Homogenization of metasurfaces formed by random resonant particles in periodical lattices

TL;DR

This paper introduces an analytical homogenization method for two-dimensional metasurfaces composed of randomly fluctuating particles, enabling better prediction of their electromagnetic properties despite fabrication imperfections.

Contribution

The paper presents a simple analytical homogenization approach for random metasurfaces with electric dipole responses, validated through numerical modeling.

Findings

Fluctuations increase diffuse scattering in metasurfaces.

The method accurately predicts electromagnetic behavior of random arrays.

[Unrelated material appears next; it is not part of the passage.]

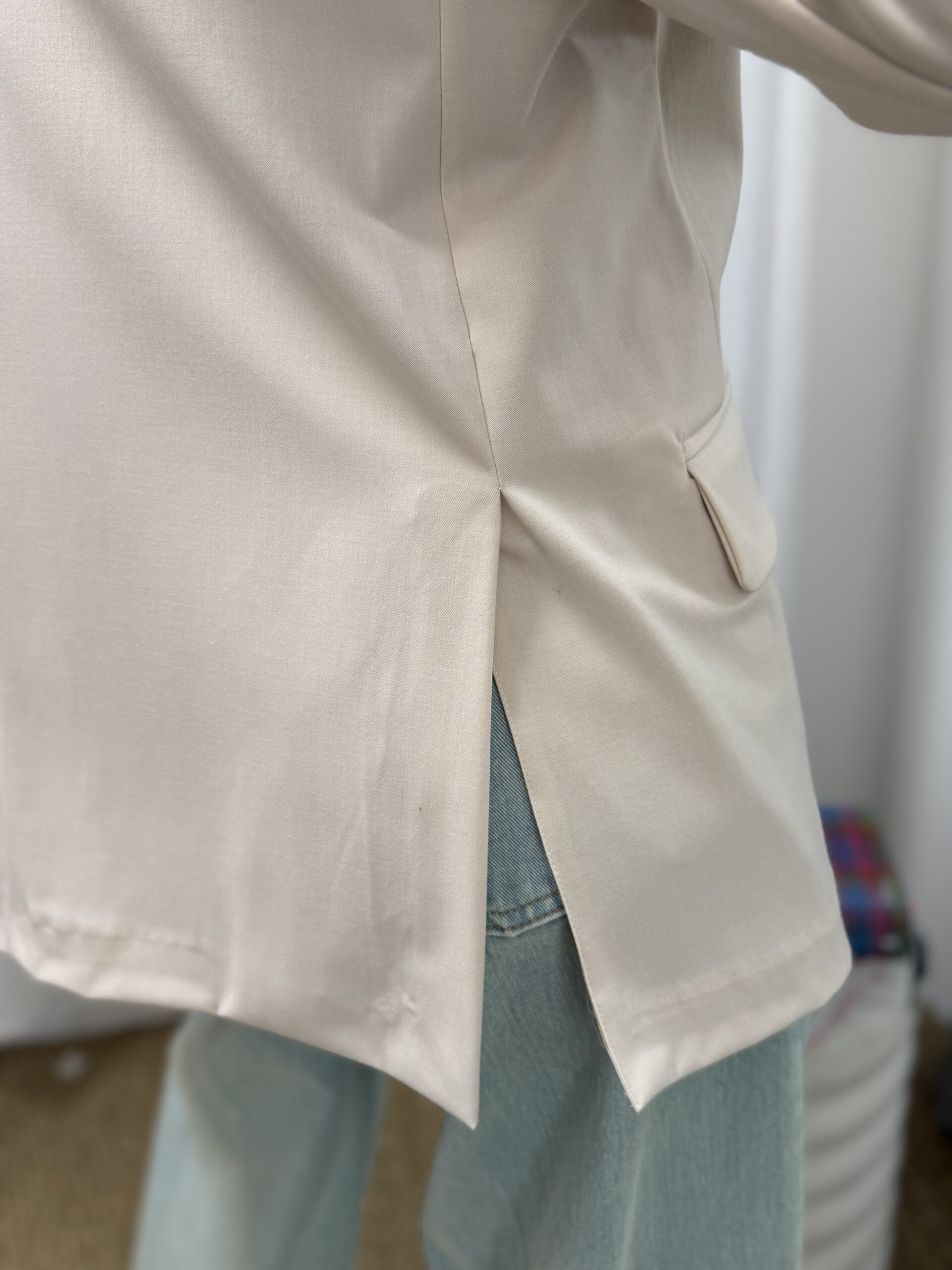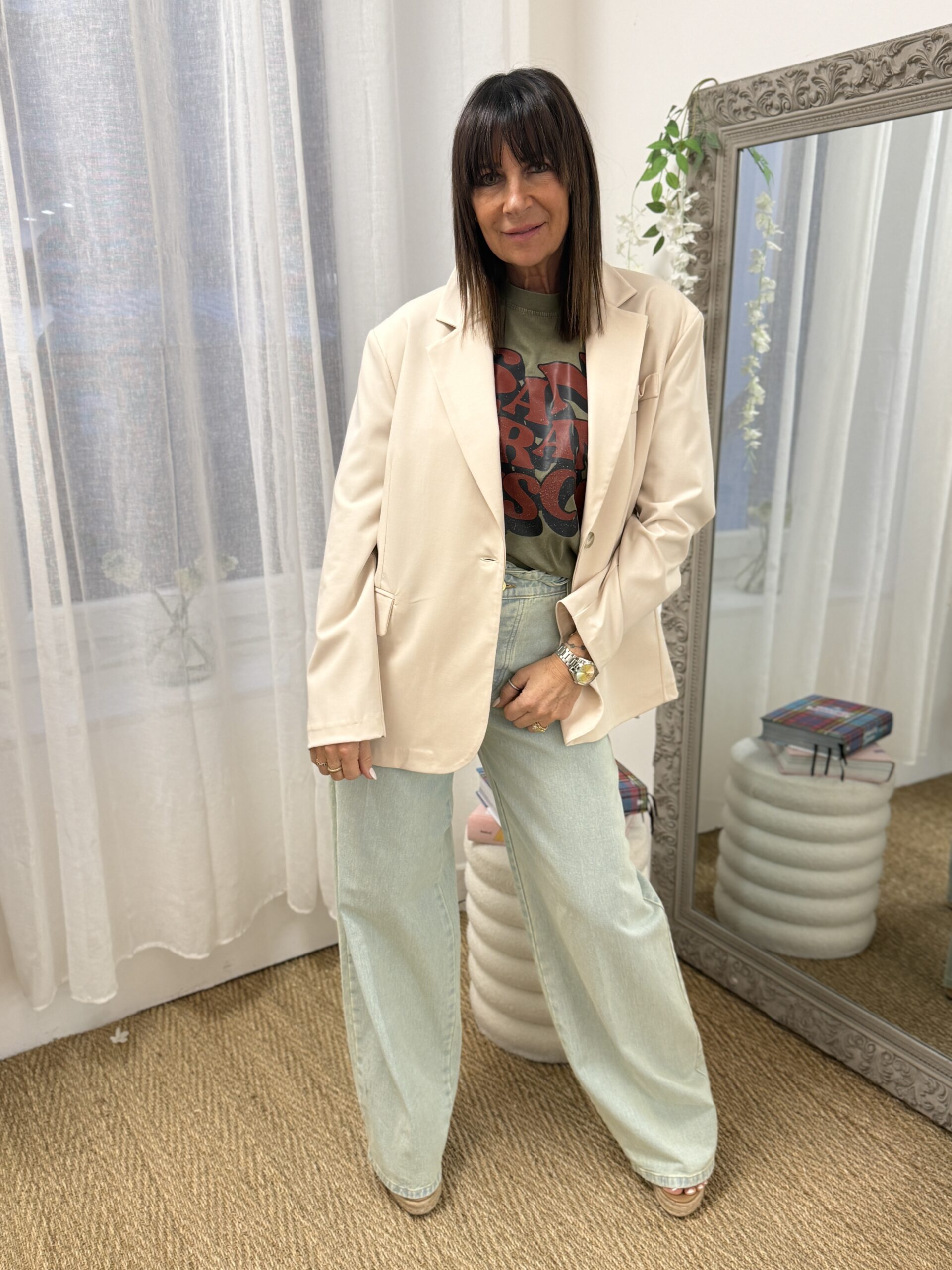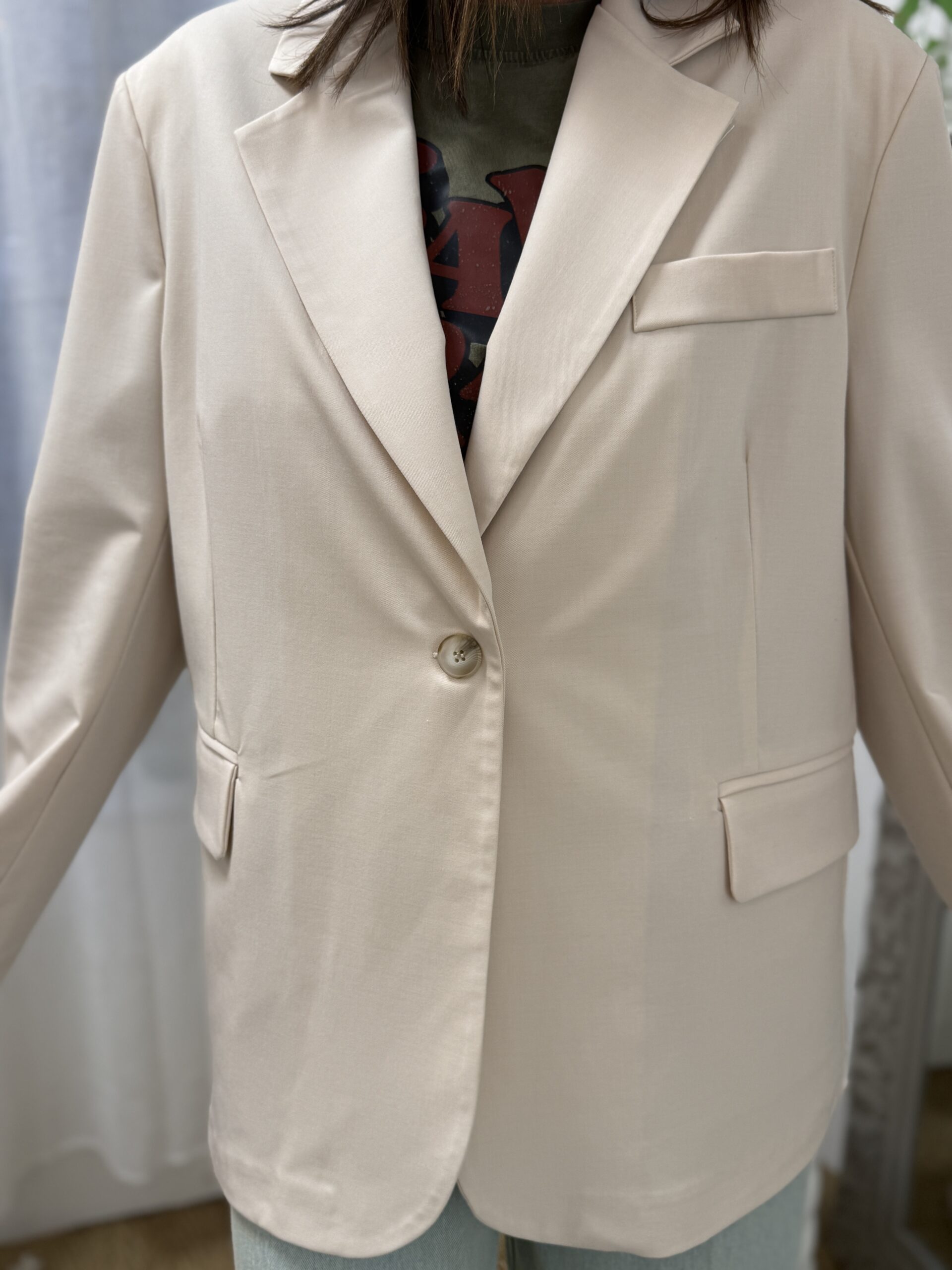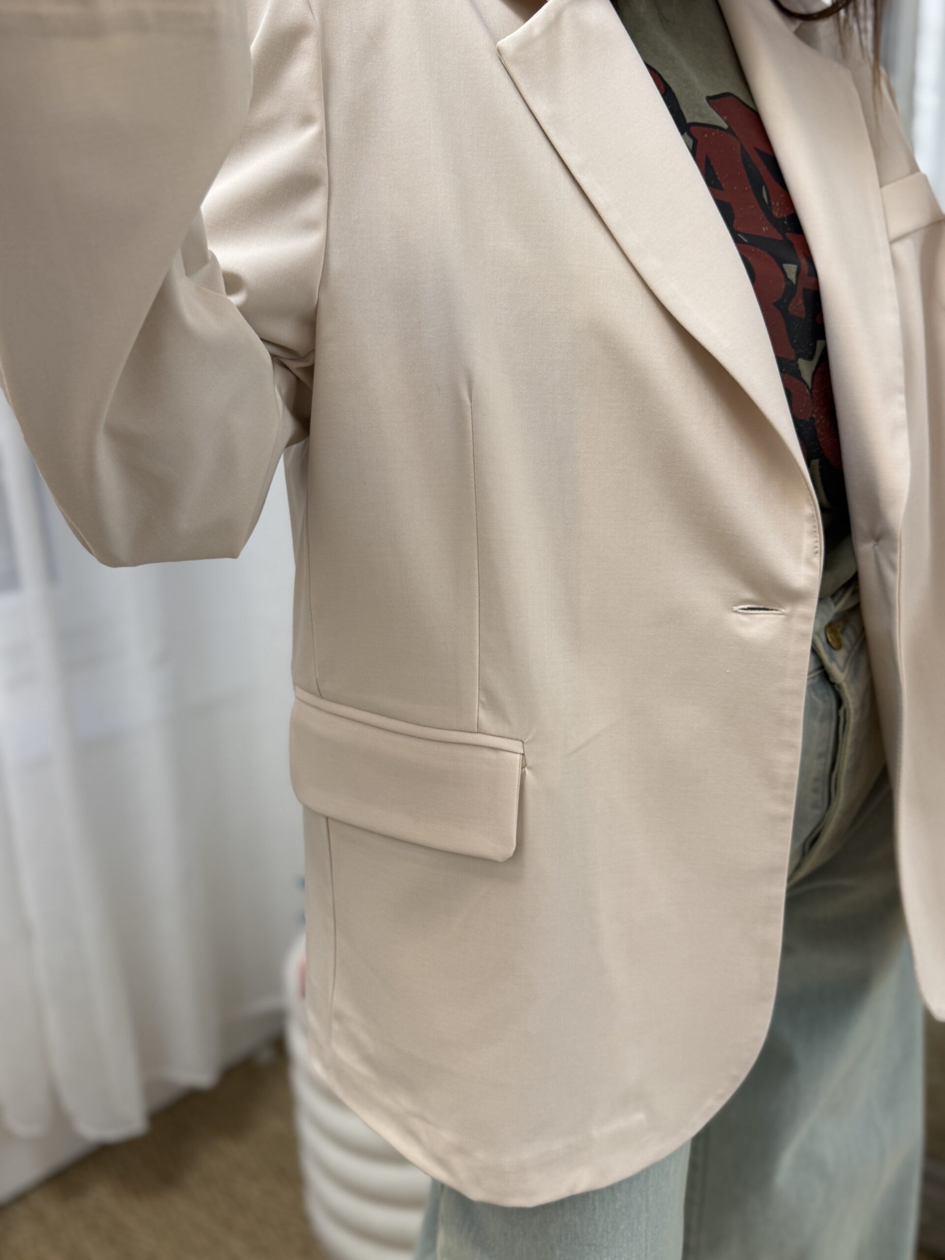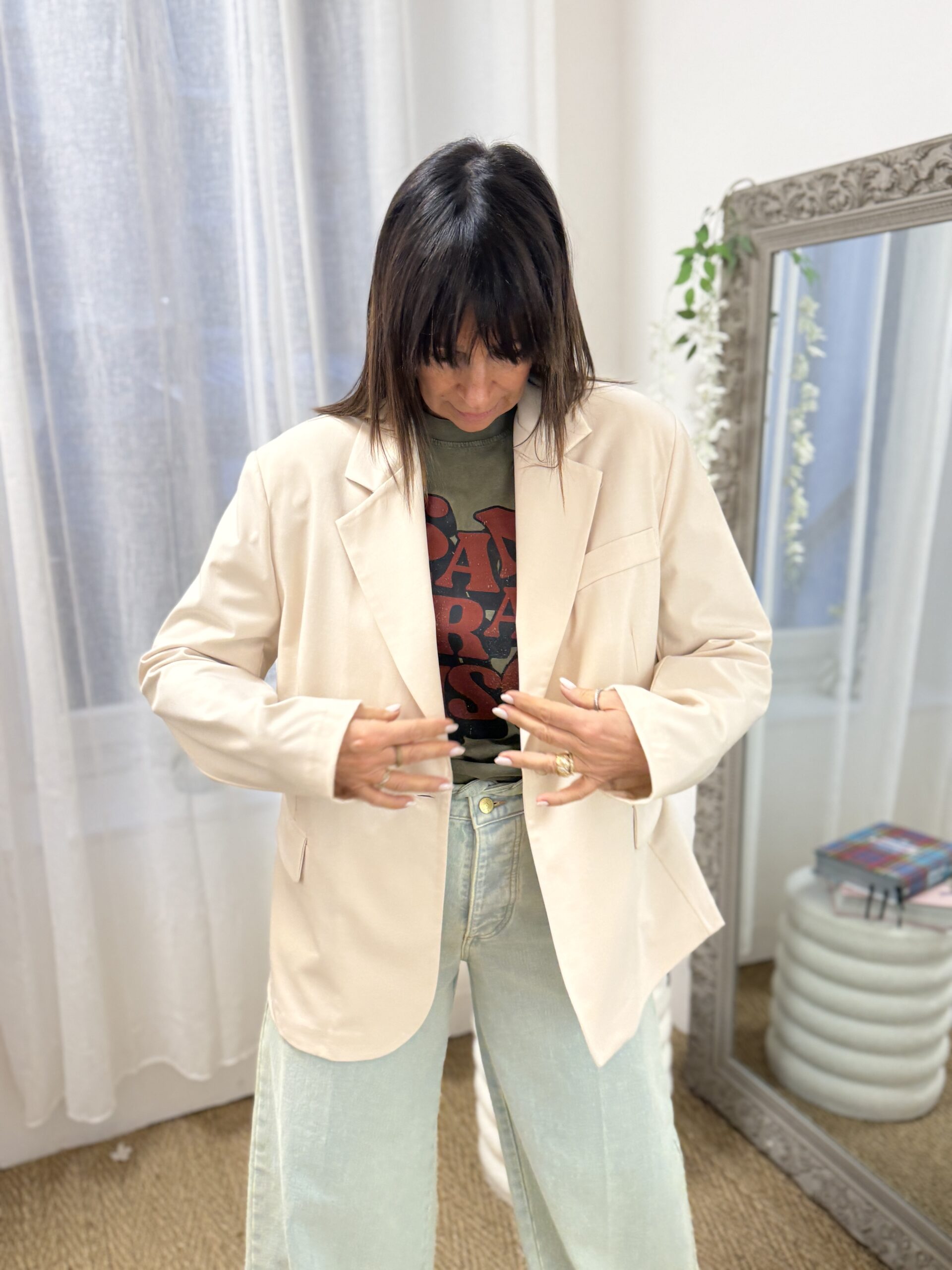 Conseil mode de Nathalie : Associez ce blazer beige avec un pantalon tailleur pour un ensemble professionnel ou portez-le avec un jean et T-shirt pour une allure moderne et décontractée.

Applicable to oblique incidence and magnetic dipole resonances.

Abstract

In this paper we suggest a simple analytical method for description of electromagnetic properties of a geometrically regular two-dimensional subwavelength arrays (metasurfaces) formed by particles with randomly fluctuating polarizabilities. Such metasurfaces are of topical importance due to development of mass-scale bottom-up fabrication methods, for which fluctuations of the particles sizes, shapes, and/or composition are inevitable. Understanding and prediction of electromagnetic properties of such random metasurfaces is a challenge. We propose an analytical homogenization method applicable for normal wave incidence on particles arrays with dominating electric dipole responses and validate it with numerical point-dipole modeling using the supercell approach. We demonstrate that fluctuations of particles polarizabilities lead to increased diffuse scattering despite the subwavelength lattice constant of the array. The proposed method can be readily extended to oblique incidence and particles with both electric and magnetic dipole resonances.